Each line of the data below between the one containing "注将母排穿过后备箱,移动到车辆上。提示: 抬起母排后端,以便于安装。" and the one containing "A custom made", both included, is to be repeated exactly. Please omit pictures.

**RECORD EXTRACTS:**
=-=-=-=-=

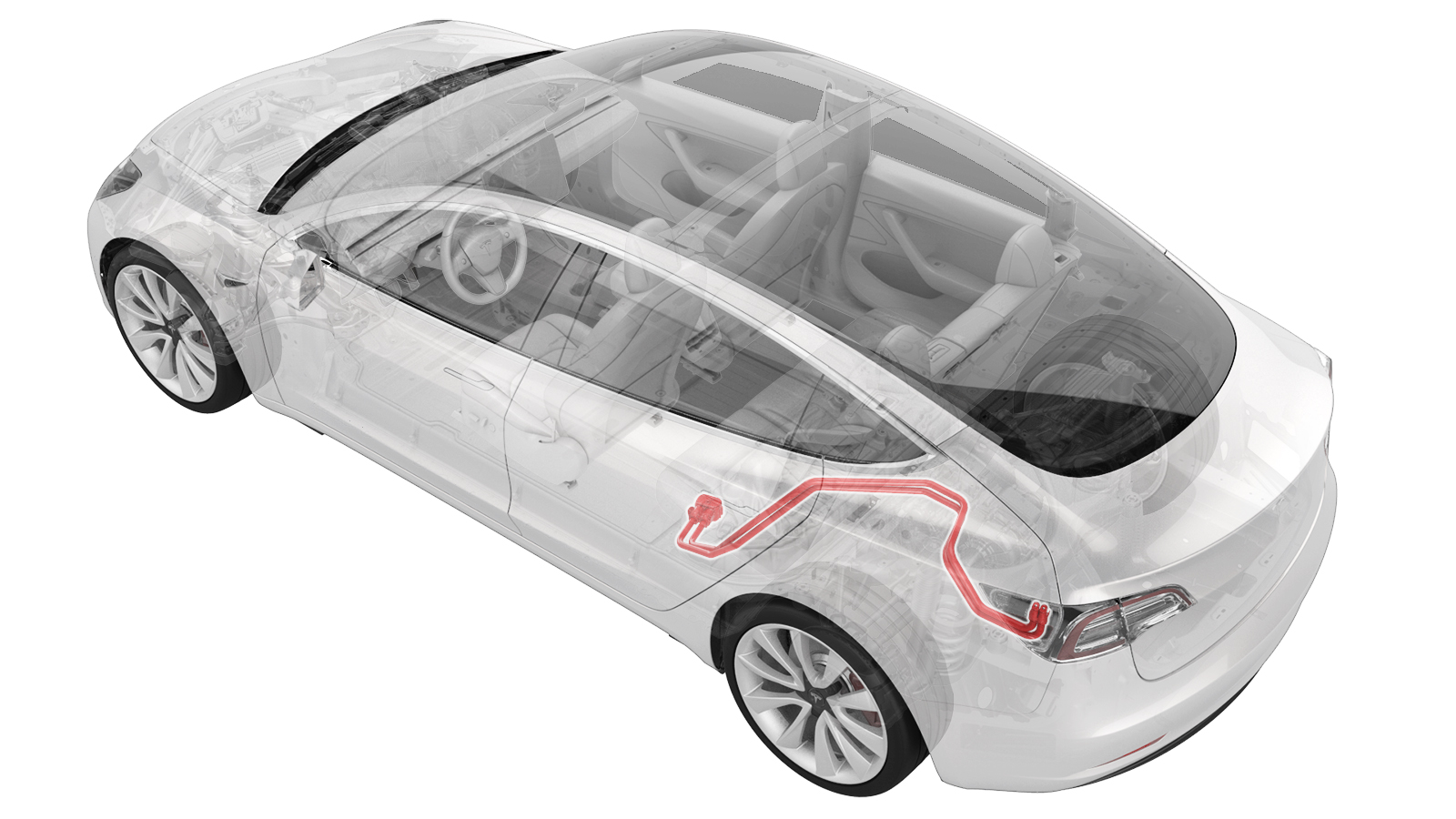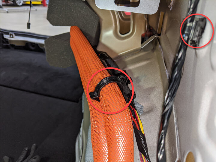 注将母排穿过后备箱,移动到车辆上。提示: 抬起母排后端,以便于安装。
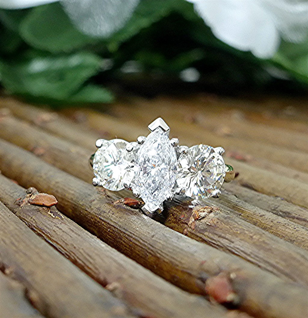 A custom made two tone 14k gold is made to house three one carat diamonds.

=-=-=-=-=

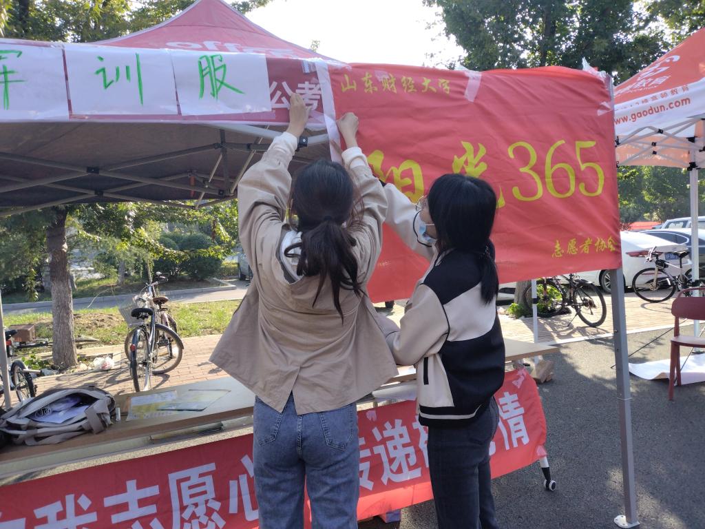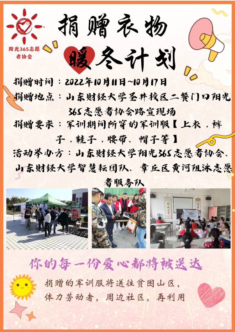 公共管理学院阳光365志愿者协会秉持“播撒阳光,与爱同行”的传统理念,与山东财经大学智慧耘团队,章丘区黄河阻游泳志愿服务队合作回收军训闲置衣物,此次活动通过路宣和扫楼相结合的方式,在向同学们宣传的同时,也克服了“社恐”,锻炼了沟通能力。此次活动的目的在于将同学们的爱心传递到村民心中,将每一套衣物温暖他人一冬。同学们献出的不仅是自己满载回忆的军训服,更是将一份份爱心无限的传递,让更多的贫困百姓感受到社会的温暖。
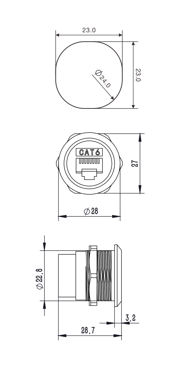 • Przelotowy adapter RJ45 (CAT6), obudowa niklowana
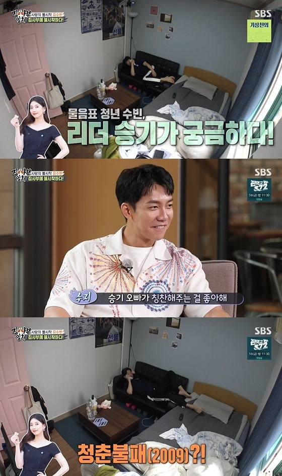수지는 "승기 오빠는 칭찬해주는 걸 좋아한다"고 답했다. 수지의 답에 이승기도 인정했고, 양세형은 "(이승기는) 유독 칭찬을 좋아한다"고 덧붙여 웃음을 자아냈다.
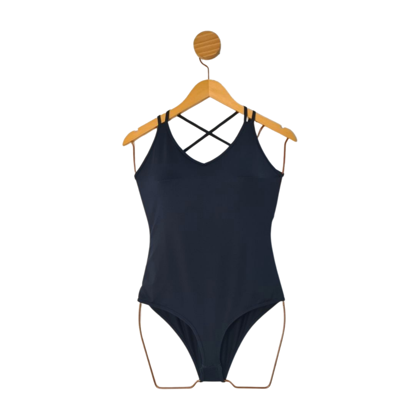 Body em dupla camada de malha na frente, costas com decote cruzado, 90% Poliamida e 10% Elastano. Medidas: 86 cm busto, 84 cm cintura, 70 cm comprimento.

=-=-=-=-=

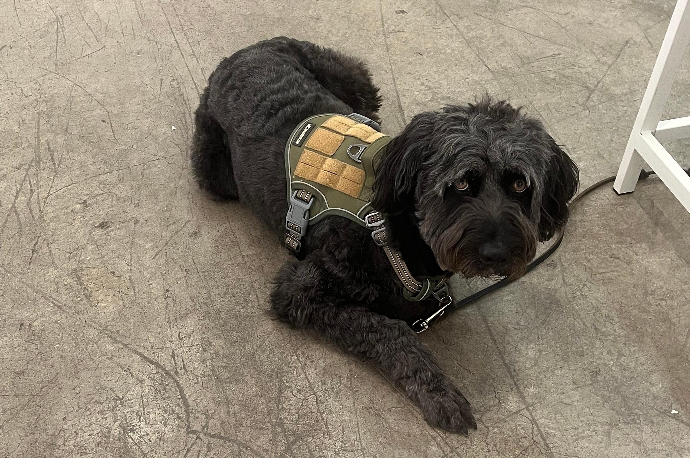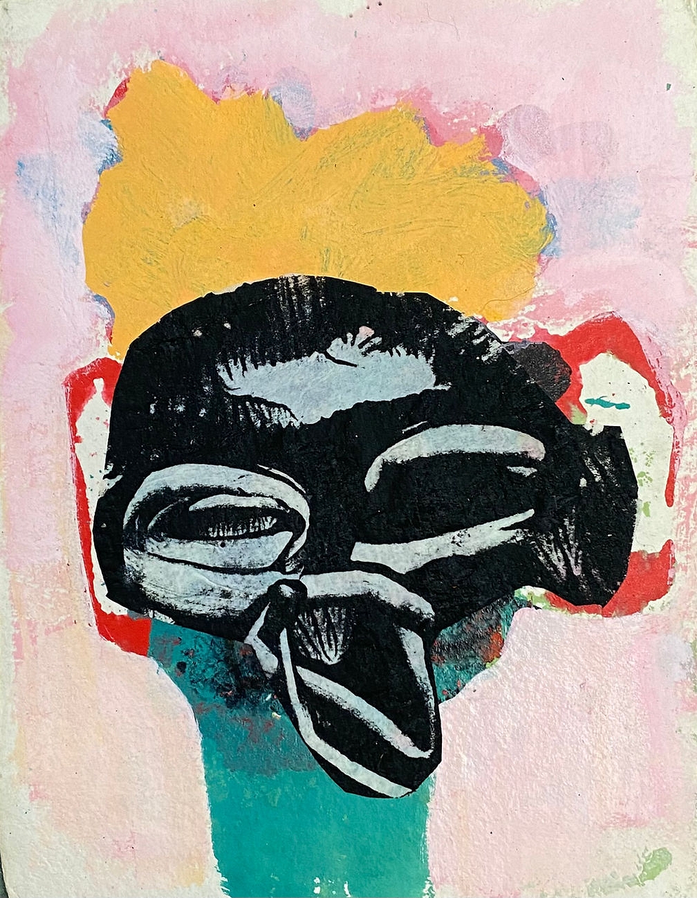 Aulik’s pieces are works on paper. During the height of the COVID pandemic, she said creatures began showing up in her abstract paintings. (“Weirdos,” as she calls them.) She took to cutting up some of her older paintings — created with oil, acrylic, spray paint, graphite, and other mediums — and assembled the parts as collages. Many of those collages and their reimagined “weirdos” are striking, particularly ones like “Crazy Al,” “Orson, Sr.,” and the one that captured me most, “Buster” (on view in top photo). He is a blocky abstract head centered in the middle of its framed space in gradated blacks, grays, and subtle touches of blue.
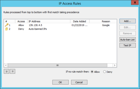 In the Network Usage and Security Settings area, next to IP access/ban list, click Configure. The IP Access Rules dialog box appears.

=-=-=-=-=

**ANSWER TO THIS EXERCISE:**
 注将母排穿过后备箱,移动到车辆上。提示: 抬起母排后端,以便于安装。
 A custom made two tone 14k gold is made to house three one carat diamonds.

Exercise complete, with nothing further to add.